**Brief**
Reproduce, exactly and in full, the lines from the one with "Eine interessante Generalversammlung" through the one with "Kézzel horgolt, egyedi, naplemente" in the data below; drop pictures.

**Dataset records**
☆ ☆ ☆ ☆

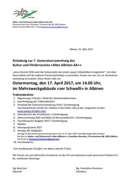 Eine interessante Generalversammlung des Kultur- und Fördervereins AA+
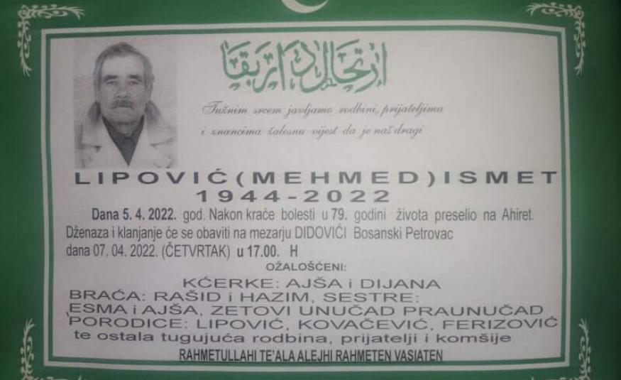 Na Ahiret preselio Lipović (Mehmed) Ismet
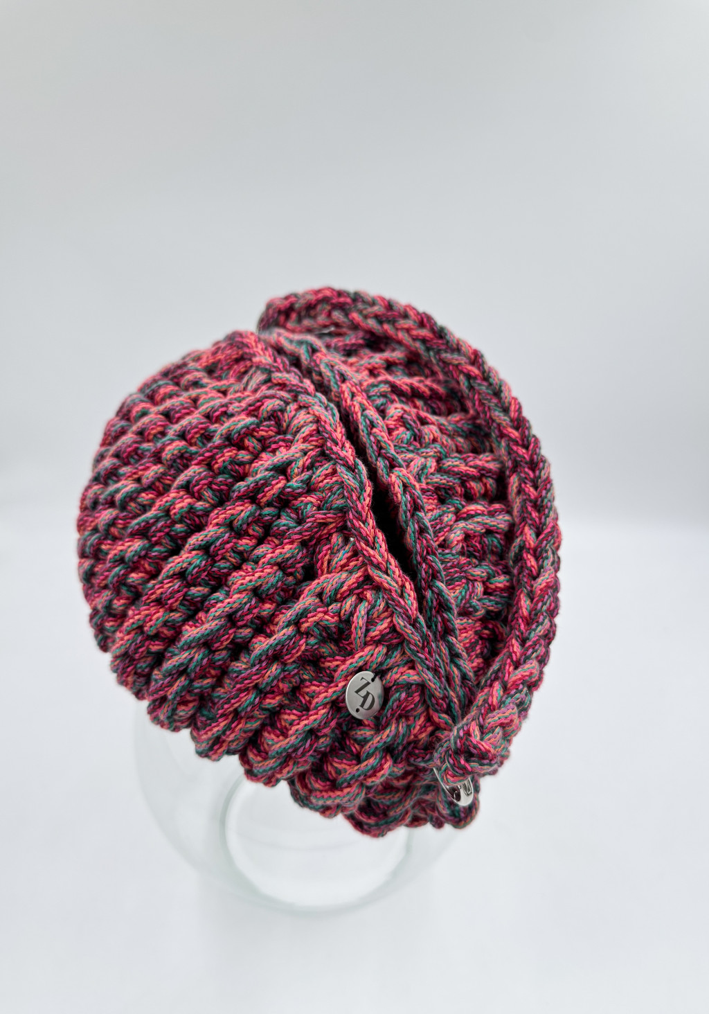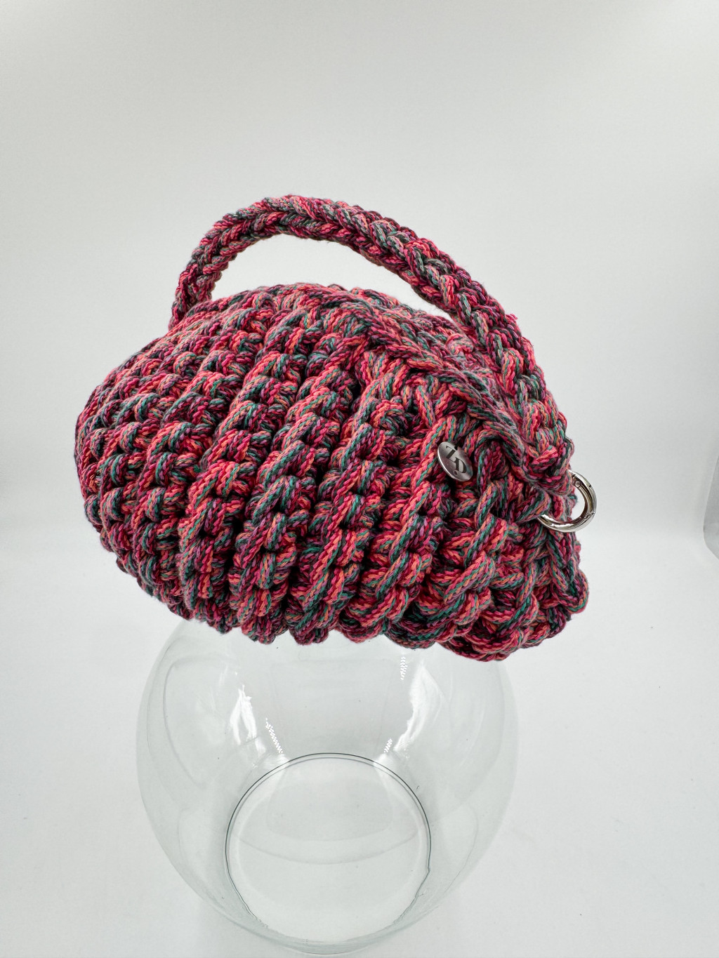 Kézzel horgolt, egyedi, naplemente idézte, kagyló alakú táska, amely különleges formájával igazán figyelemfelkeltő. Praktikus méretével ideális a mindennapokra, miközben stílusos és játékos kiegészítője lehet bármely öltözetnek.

☆ ☆ ☆ ☆

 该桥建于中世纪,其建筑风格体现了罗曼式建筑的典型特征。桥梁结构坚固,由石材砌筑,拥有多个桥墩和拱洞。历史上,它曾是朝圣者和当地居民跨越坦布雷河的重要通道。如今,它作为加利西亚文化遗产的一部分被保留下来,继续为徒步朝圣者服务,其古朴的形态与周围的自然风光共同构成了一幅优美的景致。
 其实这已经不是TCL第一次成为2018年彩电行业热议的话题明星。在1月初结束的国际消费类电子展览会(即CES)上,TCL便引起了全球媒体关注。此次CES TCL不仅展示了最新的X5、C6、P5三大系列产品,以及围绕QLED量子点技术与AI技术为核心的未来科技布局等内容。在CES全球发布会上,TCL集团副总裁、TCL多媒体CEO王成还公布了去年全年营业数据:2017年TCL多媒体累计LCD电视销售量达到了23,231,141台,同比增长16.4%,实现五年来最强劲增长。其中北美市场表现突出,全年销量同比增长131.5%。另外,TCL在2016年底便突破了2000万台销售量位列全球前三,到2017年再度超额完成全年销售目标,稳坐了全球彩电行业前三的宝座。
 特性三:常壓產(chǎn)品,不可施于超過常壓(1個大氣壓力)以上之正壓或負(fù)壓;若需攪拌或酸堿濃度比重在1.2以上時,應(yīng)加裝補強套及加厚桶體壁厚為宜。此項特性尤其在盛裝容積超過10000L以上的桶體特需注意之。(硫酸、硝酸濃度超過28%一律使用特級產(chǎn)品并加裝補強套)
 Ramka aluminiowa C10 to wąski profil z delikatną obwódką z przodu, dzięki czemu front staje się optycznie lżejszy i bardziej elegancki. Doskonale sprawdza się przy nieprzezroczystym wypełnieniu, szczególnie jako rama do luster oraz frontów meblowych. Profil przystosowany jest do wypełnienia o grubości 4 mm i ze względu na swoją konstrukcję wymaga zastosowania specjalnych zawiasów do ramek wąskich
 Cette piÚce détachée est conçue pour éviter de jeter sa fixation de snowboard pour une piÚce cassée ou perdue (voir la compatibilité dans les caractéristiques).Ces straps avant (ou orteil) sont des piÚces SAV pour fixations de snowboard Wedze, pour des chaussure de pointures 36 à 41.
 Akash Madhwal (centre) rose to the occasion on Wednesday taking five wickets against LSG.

☆ ☆ ☆ ☆

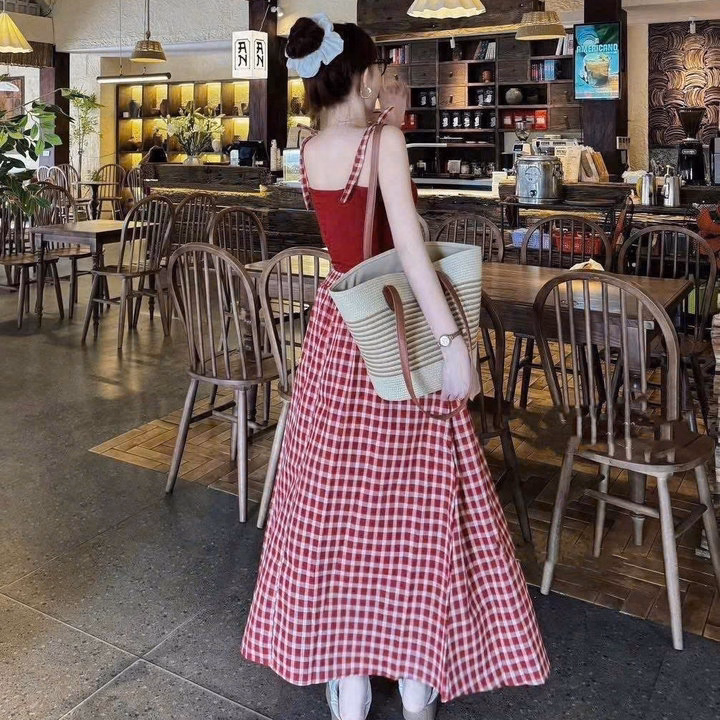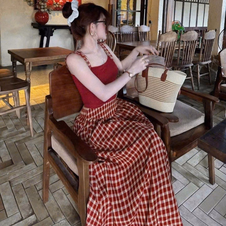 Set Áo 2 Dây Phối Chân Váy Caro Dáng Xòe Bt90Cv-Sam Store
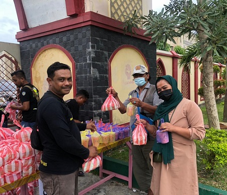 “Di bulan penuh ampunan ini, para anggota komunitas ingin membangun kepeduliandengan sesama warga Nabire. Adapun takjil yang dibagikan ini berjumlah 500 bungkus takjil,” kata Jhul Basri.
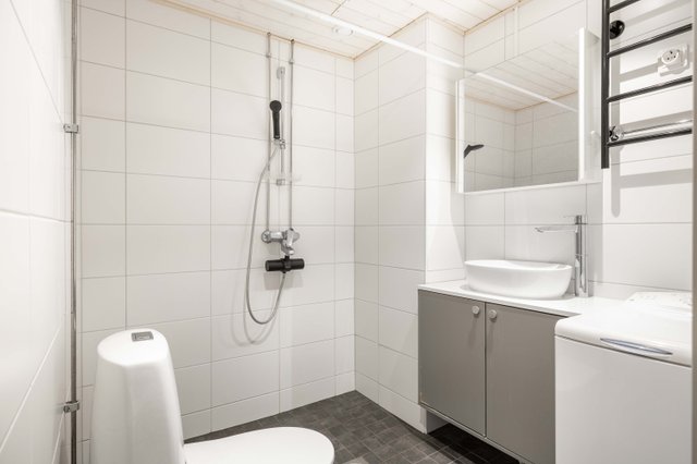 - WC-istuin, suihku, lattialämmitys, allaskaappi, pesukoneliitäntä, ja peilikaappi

☆ ☆ ☆ ☆

**Answer to the exercise**
 Eine interessante Generalversammlung des Kultur- und Fördervereins AA+
 Na Ahiret preselio Lipović (Mehmed) Ismet
 Kézzel horgolt, egyedi, naplemente idézte, kagyló alakú táska, amely különleges formájával igazán figyelemfelkeltő. Praktikus méretével ideális a mindennapokra, miközben stílusos és játékos kiegészítője lehet bármely öltözetnek.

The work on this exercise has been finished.